Performing dissections to see what owls have been eating

Kids and adults dissect “owl pellets” at Chattahoochee Bend State Park to see what the owls have eaten. The pellets contain undigested tiny bones of mice, birds and other prey. CONTRIBUTED BY CHARLES SEABROOK

Kids and adults dissect “owl pellets” at Chattahoochee Bend State Park to see what the owls have eaten. The pellets contain undigested tiny bones of mice, birds and other prey. CONTRIBUTED BY CHARLES SEABROOK

Our first reaction was “ick!” We were about to dissect “pellets” of undigested animal remains that owls had spit up after consuming their prey, such as mice and small birds.

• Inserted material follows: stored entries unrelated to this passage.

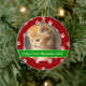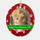 This ornament is perfect for your kitten's first Christmas with a spot to put your cat's name and the year on a red paw print background and contrasting green band.
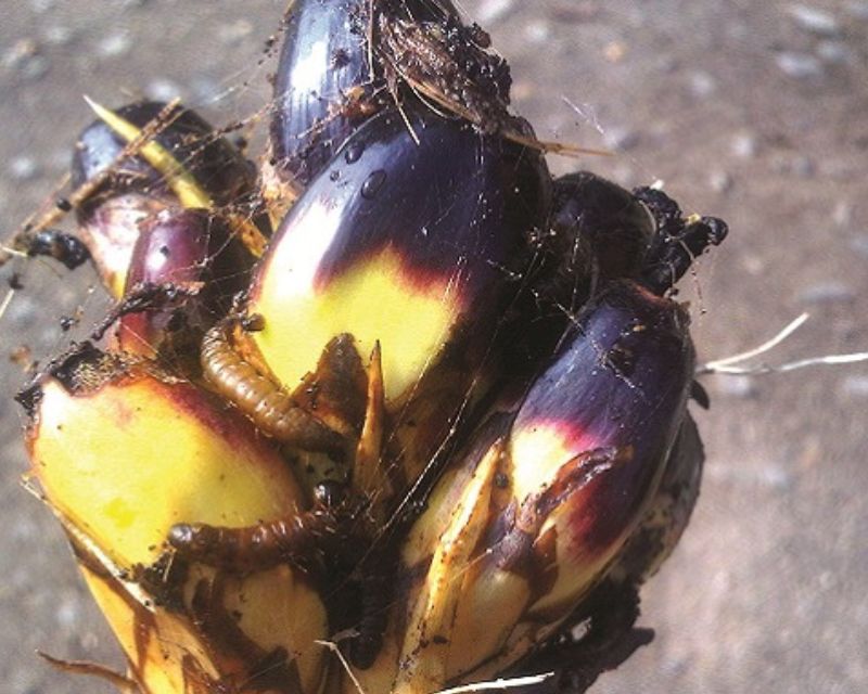 - Sanitasi lingkungan dengan membuang dan memusnahkan buah-buahan busuk yang terserang penggerek tandan.
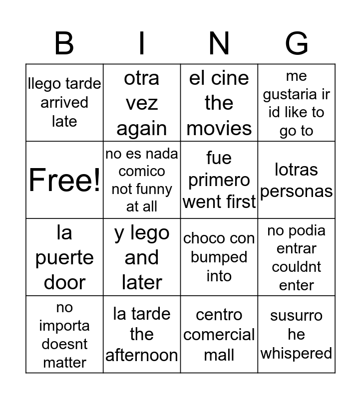 This bingo card has 16 words: la tarde the afternoon, no podia entrar couldnt enter, el cine the movies, llego tarde arrived late, la puerte door, otra vez again, choco con bumped into, centro comercial mall, Free!, no es nada comico not funny at all, no importa doesnt matter, me gustaria ir id like to go to, y lego and later, lotras personas, fue primero went first and susurro he whispered.
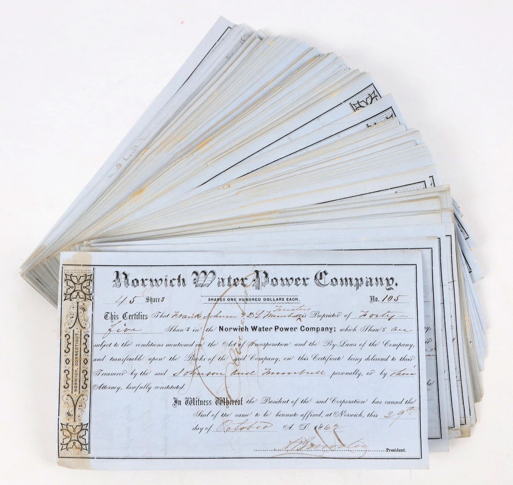 Norwich Water Power Company Stocks, about 200. About 5 issued 1862-65. The remainder are unissued.
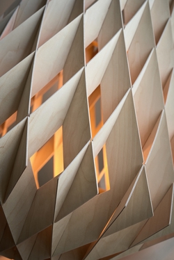 Die Pendelleuchte hat mit ihrer großen Form eine Präsenz im Raum und passt sowohl in private als auch in öffentliche Umgebungen. Die Leuchte besteht aus nachhaltig zertifiziertem Birkenfurnier, das handgefertigt ist. Die Birkenlamellen erzeugen eine Wärme, wenn das Licht hindurchscheint, und sind ohne Schrauben oder Klebstoff zusammengefügt.
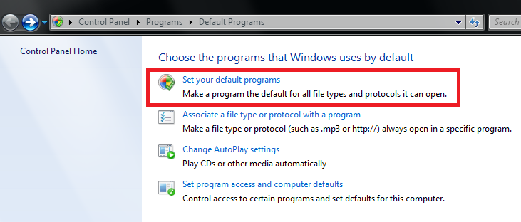 2. Click on "Set your default programs".
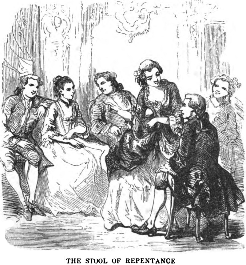 "The stool of repentance."  From Round Games for All Parties, 1854.
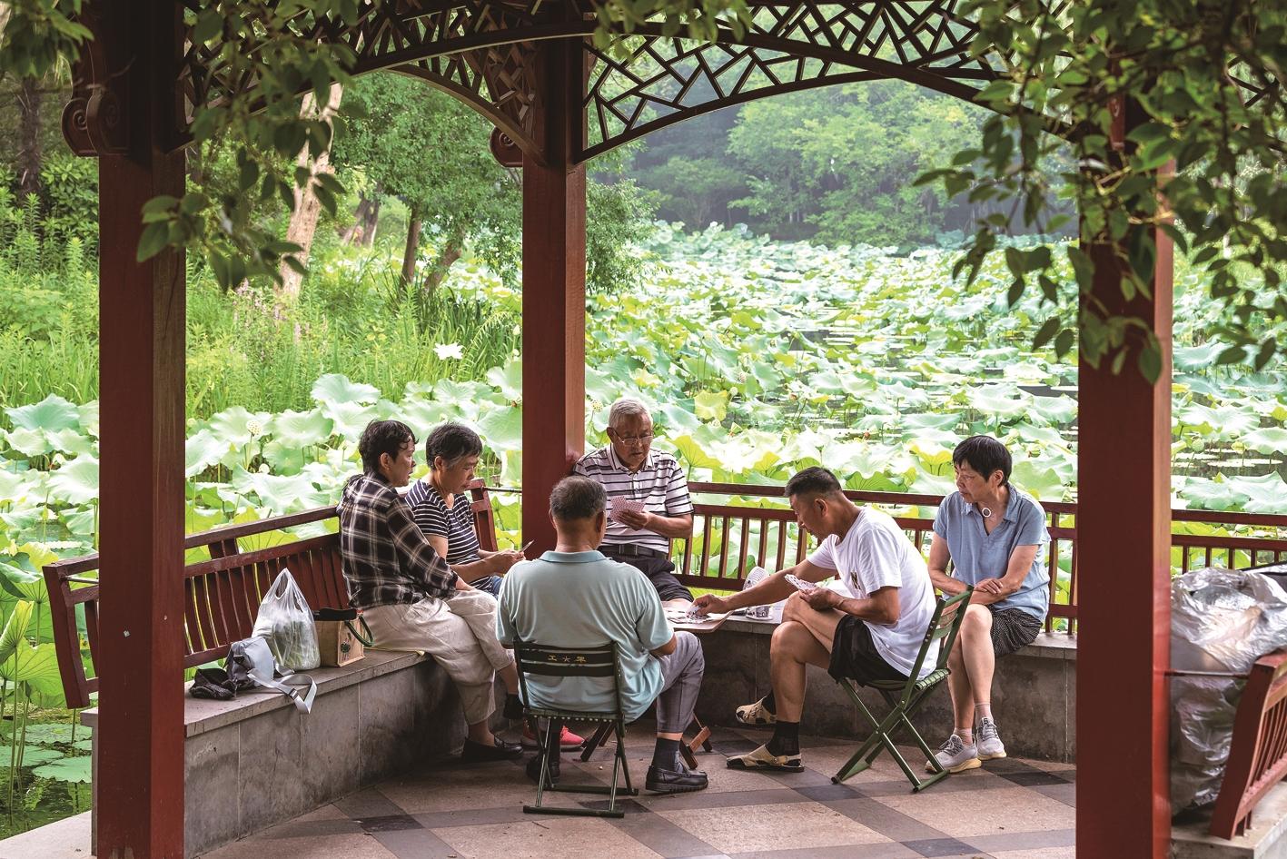 七月十五日,天气炎热,大爷大妈们在唐闸公园荷花池凉亭内纳凉、掼蛋,避暑娱乐两不误。 袁德君

Instead of icky, however, last weekend’s “owl pellet dissecting” session at Chattahoochee Bend State Park in Coweta County proved to be a fun and fascinating learning experience.

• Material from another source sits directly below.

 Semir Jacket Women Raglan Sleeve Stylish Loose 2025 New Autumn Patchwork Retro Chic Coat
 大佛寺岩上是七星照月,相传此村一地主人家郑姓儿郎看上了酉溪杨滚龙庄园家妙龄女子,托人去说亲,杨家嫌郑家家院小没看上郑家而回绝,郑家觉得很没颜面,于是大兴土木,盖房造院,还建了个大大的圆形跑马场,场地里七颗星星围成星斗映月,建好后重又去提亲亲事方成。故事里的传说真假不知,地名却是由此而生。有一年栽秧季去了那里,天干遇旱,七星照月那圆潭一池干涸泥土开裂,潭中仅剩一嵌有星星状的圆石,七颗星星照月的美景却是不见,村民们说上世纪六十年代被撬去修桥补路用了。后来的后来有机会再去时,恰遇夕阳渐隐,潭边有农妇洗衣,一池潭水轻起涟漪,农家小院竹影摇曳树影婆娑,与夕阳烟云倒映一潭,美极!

Seated at tables, 20 kids and adults (including me) pulled apart the dark, furry pellets — each about the size of a large adult thumb — that park naturalist Reba Brumbeloe had given us. (The pellets had been sanitized.) Then, using toothpicks, we began teasing out tiny bones, feathers and other remains of mice, voles, shrews, birds and other prey that the owls had swallowed whole.

We easily found tiny rib bones, pelvises, leg bones (humerus and femur), scapulas and even some intact skulls of the owls’ prey. To identify the animals the remains came from, we had charts with pictures of their tiny bones.

“I’ve got a femur from a vole,” shouted 8-year-old Sky Bailey, who was with his grandfather, Andy Mobley of Newnan. Mobley said he had never heard of a vole (a small, mouse-like mammal) until then.

As Brumbeloe noted, owl pellet dissection is a good hands-on way to teach kids — and adults — about the food chain, animal anatomy and principles of ecology.

Like most other birds, owls don’t have teeth to chew their food. Instead, they swallow their prey whole. In owls, however, food goes directly from their mouths into their gizzards, where digestion begins.

There the food is separated into digestible and indigestible parts, such as bones, teeth, fur and feathers. The undigested parts are compacted together into an oval-shaped pellet, which the owl regurgitates several hours after eating. The great horned owl can produce pellets 3-4 inches long.

Because an owl swallows its prey whole, most of its prey’s bones remain intact and can be dissected from the pellets.

IN THE SKY: From David Dundee, Tellus Science Museum astronomer: The moon will be first-quarter on Thursday. Venus rises in the east about an hour before sunrise. Mars is low in the southwest at dusk and will appear near the moon on Monday night. Jupiter and Saturn are low in the east just before sunrise.